Abstract
This biomechanical study was performed to test the primary segmental in vitro stabilising effect of a standard and large footprint radiolucent poly-ether-ether-ketone (PEEK) box cage versus a titanium box cage for anterior lumbar interbody fusion. Eighteen L2-L3 and sixteen L4-L5 cadaveric motion segments were divided into three groups and received a titanium cage or a radiolucent PEEK cage with standard or large footprint. All specimens were tested in three testing conditions: intact, stand-alone anterior cage and finally with supplemental translaminar screw fixation. Full range of motion and neutral zone measurements were determined and anterior cage pull out force was tested. The titanium design was significantly more effective in reducing the range of motion only in axial rotation. The larger footprint radiolucent cage did not increase stability as compared to the standard footprint.
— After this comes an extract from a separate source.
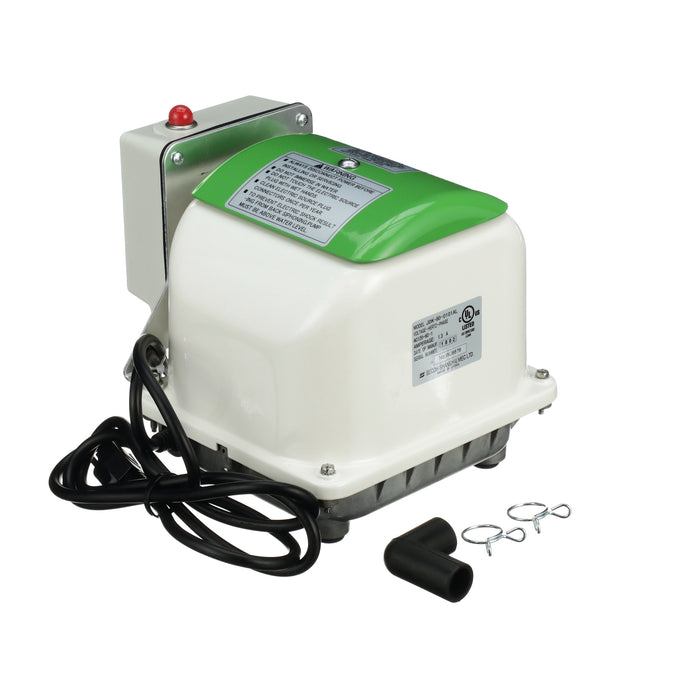 The Secoh JDK-80A holds the pump curve for longer and will produce more pressure than that of a other rare earth aerators. The attached alarm will alert you if their is low pressure of the diaphragm fails also. Secoh JDK-80A Septic Air Pump contains rare Earth-magnets, which enhance its efficiency, thereby allowing the Secoh JDK-80A- to run cooler while utilizing less power than its traditional counterparts. Efficient power usage allows for the Secoh JDK-80A to have an elongated life, often around 5 to 8 years with proper maintenance. The Secoh JDK-80A also generally requires fewer repairs and can be a more cost-effective option in terms of maintenance. This Secoh JDK-80A is intended as a replacement for an existing damaged or non-functioning Secoh JDK-80A or other 500 to 750 GDP aerobic systems. If your system is damaged beyond simply replacing the pump, we suggest contacting a professional.

The titanium cage pull out force was significantly (P=0.0002) higher compared to both radiolucent cage constructs. Clinical relevance: Supplemental posterior fixation is strongly recommended to increase initial stability of any anterior interbody fusion cage construct. Although the biomechanical stability necessary to achieve spinal fusion is not defined, the radiolucent designs tested in this study, with a standard footprint as well as with a larger footprint, may be insufficiently stabilised with translaminar screws as compared to the titanium implant. Supplemental pedicle screw fixation may be required to obtain adequate stabilisation in the clinical setting.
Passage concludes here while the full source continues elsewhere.